- What the task requires -
Write out the full listing exactly as given, minus the images.

- Source material -
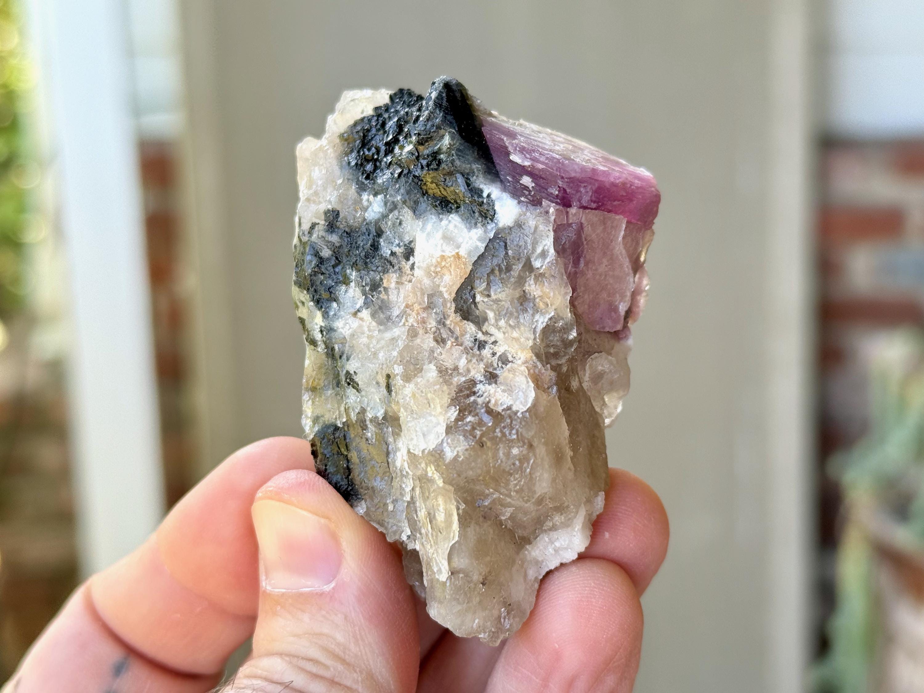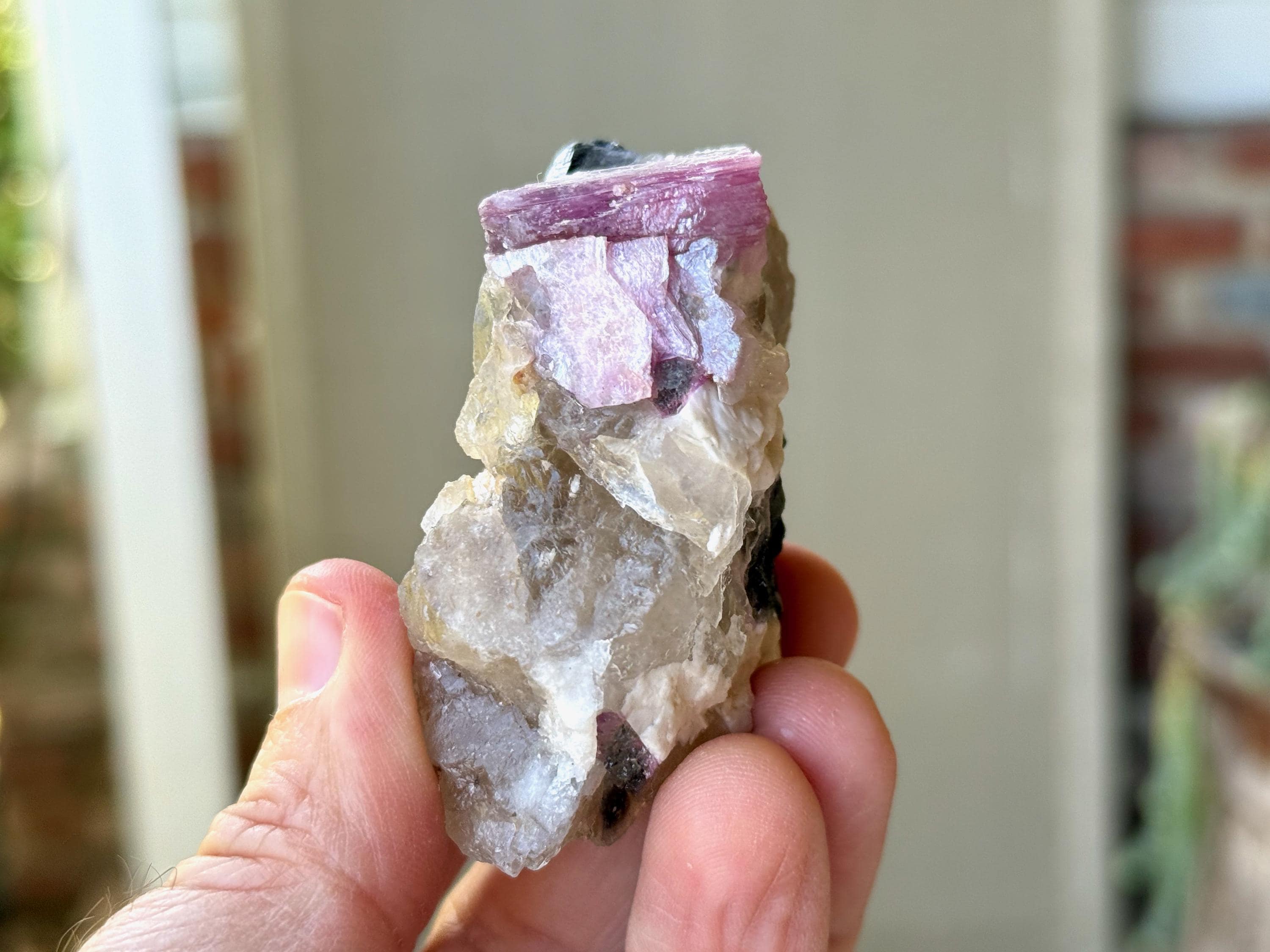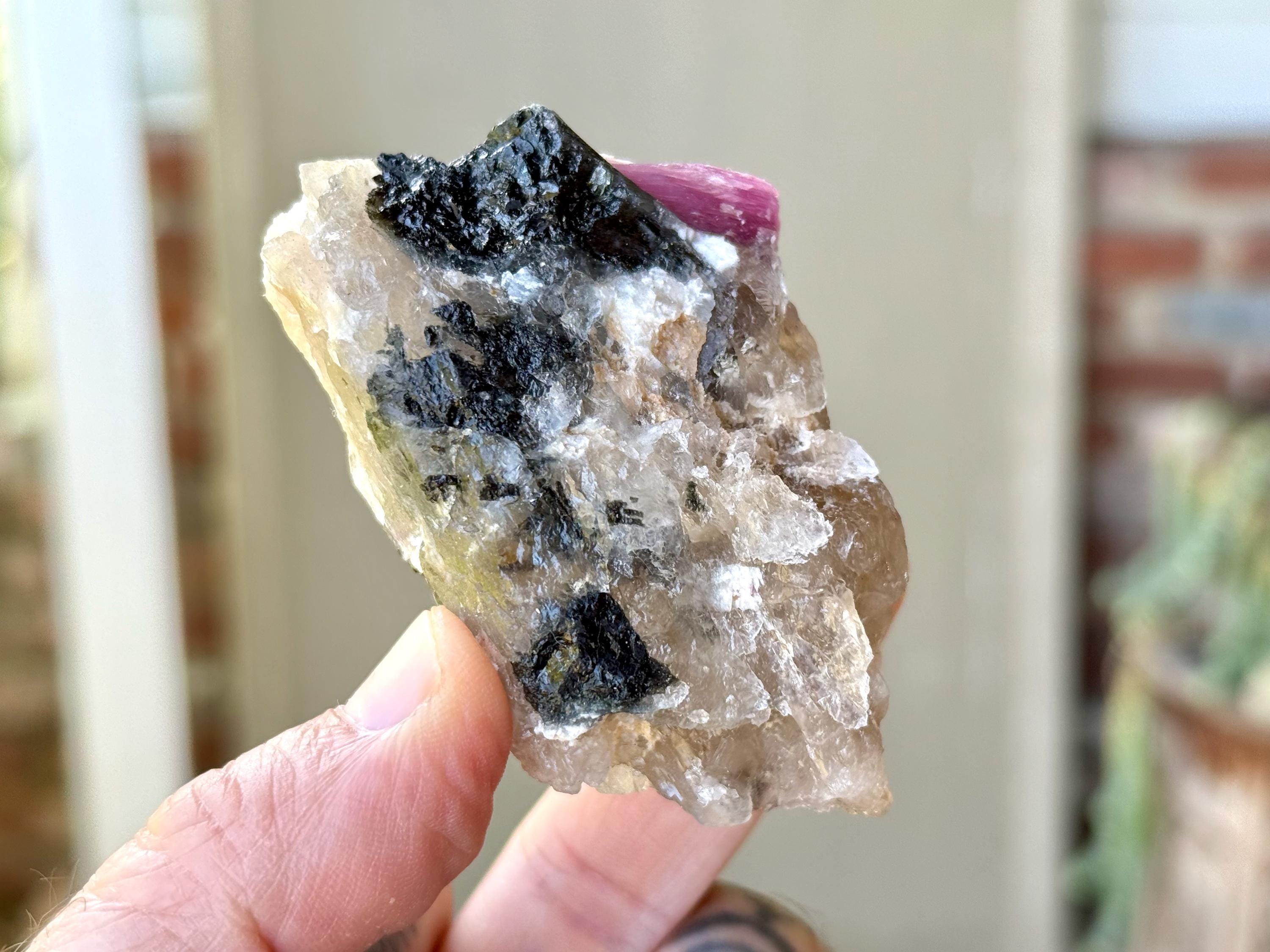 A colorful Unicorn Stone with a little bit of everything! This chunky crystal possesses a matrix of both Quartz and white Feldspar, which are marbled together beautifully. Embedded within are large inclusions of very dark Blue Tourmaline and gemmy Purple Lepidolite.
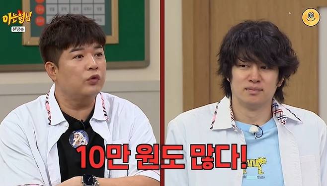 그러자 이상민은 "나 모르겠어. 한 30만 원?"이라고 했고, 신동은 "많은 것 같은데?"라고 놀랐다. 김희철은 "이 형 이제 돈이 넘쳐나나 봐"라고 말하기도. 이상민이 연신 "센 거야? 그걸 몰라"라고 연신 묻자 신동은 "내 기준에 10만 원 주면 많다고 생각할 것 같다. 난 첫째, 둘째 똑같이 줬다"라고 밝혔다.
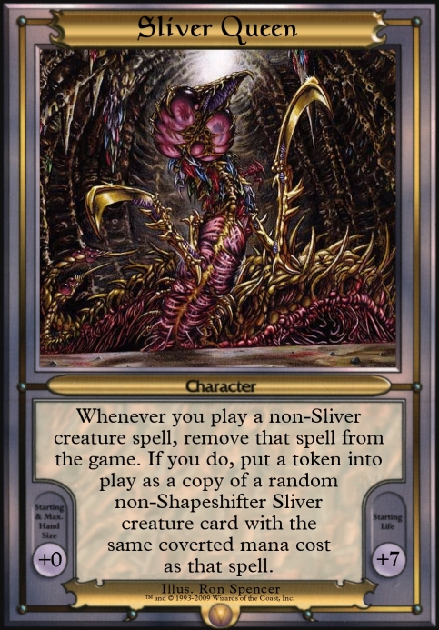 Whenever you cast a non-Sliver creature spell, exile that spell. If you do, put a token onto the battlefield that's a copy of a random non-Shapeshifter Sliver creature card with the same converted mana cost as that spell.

- Result of this task -
 A colorful Unicorn Stone with a little bit of everything! This chunky crystal possesses a matrix of both Quartz and white Feldspar, which are marbled together beautifully. Embedded within are large inclusions of very dark Blue Tourmaline and gemmy Purple Lepidolite.
 그러자 이상민은 "나 모르겠어. 한 30만 원?"이라고 했고, 신동은 "많은 것 같은데?"라고 놀랐다. 김희철은 "이 형 이제 돈이 넘쳐나나 봐"라고 말하기도. 이상민이 연신 "센 거야? 그걸 몰라"라고 연신 묻자 신동은 "내 기준에 10만 원 주면 많다고 생각할 것 같다. 난 첫째, 둘째 똑같이 줬다"라고 밝혔다.
 Whenever you cast a non-Sliver creature spell, exile that spell. If you do, put a token onto the battlefield that's a copy of a random non-Shapeshifter Sliver creature card with the same converted mana cost as that spell.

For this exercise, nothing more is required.